A number of related ideas for improving Bitcoin's scripting capabilities have been previously proposed: Schnorr signatures (BIP340), Merkle branches ("MAST", BIP114, BIP117), new sighash modes (BIP118), new opcodes like CHECKSIGFROMSTACK, Taproot, Graftroot, G'root, and cross-input aggregation.

Combining all these ideas in a single proposal would be an extensive change, be hard to review, and likely miss new discoveries that otherwise could have been made along the way. Not all are equally mature as well. For example, cross-input aggregation interacts in complex ways with upgrade mechanisms, and solutions to that are still in flux. On the other hand, separating them all into independent upgrades would reduce the efficiency and privacy gains to be had, and wallet and service providers may not be inclined to go through many incremental updates. Therefore, we're faced with a tradeoff between functionality and scope creep. In this design we strike a balance by focusing on the structural script improvements offered by Taproot and Merkle branches, as well as changes necessary to make them usable and efficient. For things like sighashes and opcodes we include fixes for known problems, but exclude new features that can be added independently with no downsides.

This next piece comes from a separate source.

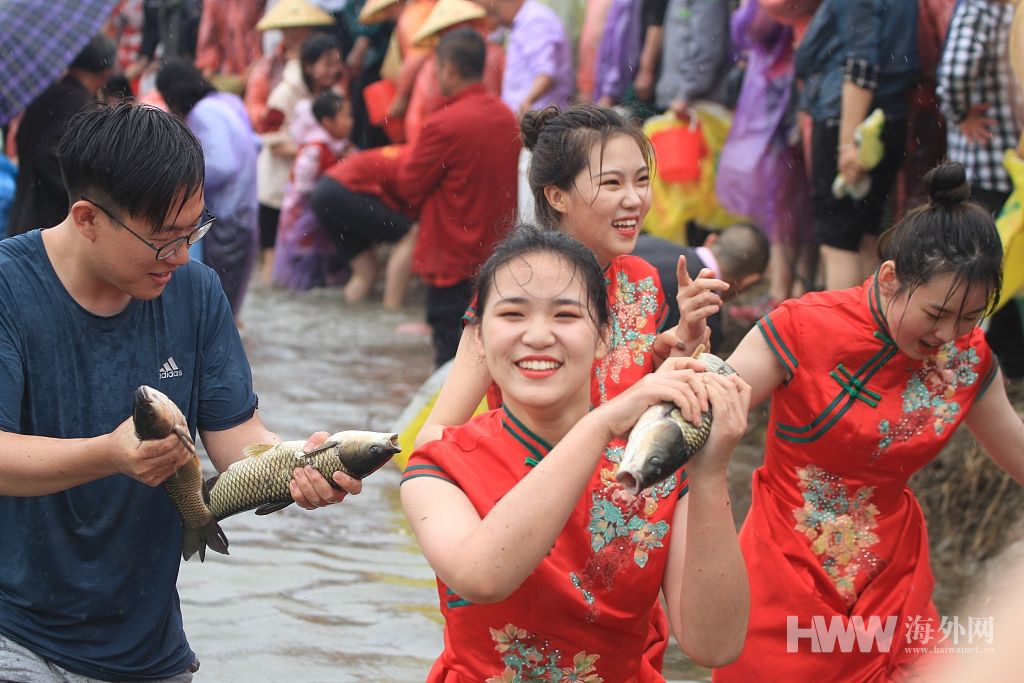 江苏淮安办插秧节 游客雨中插秧摸鱼感受农耕乐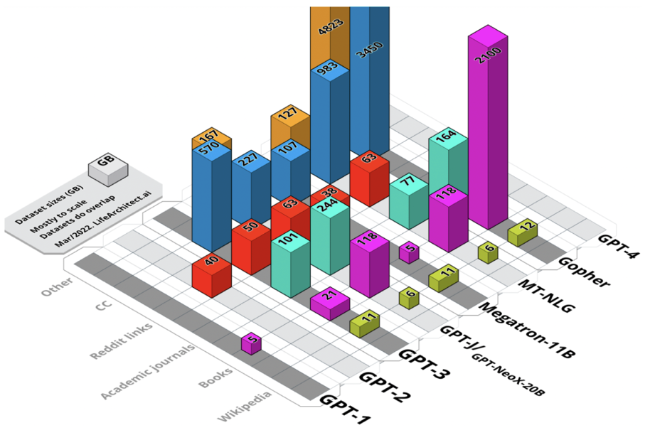 2018年到2022年初从GPT-1到Gopher的精选语言模型的所有数据集的综合视图。未加权大小,以GB为单位。图源:AlanD.Thompson

As a result we choose this combination of technologies:

  • Merkle branches let us only reveal the actually executed part of the script to the blockchain, as opposed to all possible ways a script can be executed. Among the various known mechanisms for implementing this, one where the Merkle tree becomes part of the script's structure directly maximizes the space savings, so that approach is chosen.
  • Taproot on top of that lets us merge the traditionally separate pay-to-pubkey and pay-to-scripthash policies, making all outputs spendable by either a key or (optionally) a script, and indistinguishable from each other. As long as the key-based spending path is used for spending, it is not revealed whether a script path was permitted as well, resulting in space savings and an increase in scripting privacy at spending time.
  • Taproot's advantages become apparent under the assumption that most applications involve outputs that could be spent by all parties agreeing. That's where Schnorr signatures come in, as they permit key aggregation: a public key can be constructed from multiple participant public keys, and which requires cooperation between all participants to sign for. Such multi-party public keys and signatures are indistinguishable from their single-party equivalents. This means that with taproot most applications can use the key-based spending path, which is both efficient and private. This can be generalized to arbitrary M-of-N policies, as Schnorr signatures support threshold signing, at the cost of more complex setup protocols.
  • As Schnorr signatures also permit batch validation, allowing multiple signatures to be validated together more efficiently than validating each one independently, we make sure all parts of the design are compatible with this.
  • Where unused bits appear as a result of the above changes, they are reserved for mechanisms for future extensions. As a result, every script in the Merkle tree has an associated version such that new script versions can be introduced with a soft fork while remaining compatible with BIP 341. Additionally, future soft forks can make use of the currently unused annex in the witness (see BIP341).
  • While the core semantics of the signature hashing algorithm are not changed, a number of improvements are included in this proposal. The new signature hashing algorithm fixes the verification capabilities of offline signing devices by including amount and scriptPubKey in the signature message, avoids unnecessary hashing, uses tagged hashes and defines a default sighash byte.
  • The public key is directly included in the output in contrast to typical earlier constructions which store a hash of the public key or script in the output. This has the same cost for senders and is more space efficient overall if the key-based spending path is taken. [2]
Informally, the resulting design is as follows: a new witness version is added (version 1), whose programs consist of 32-byte encodings of points Q. Q is computed as P + hash(P||m)G for a public key P, and the root m of a Merkle tree whose leaves consist of a version number and a script. These outputs can be spent directly by providing a signature for Q, or indirectly by revealing P, the script and leaf version, inputs that satisfy the script, and a Merkle path that proves Q committed to that leaf. All hashes in this construction (the hash for computing Q from P, the hashes inside the Merkle tree's inner nodes, and the signature hashes used) are tagged to guarantee domain separation.

Specification

This section specifies the Taproot consensus rules. Validity is defined by exclusion: a block or transaction is valid if no condition exists that marks it failed.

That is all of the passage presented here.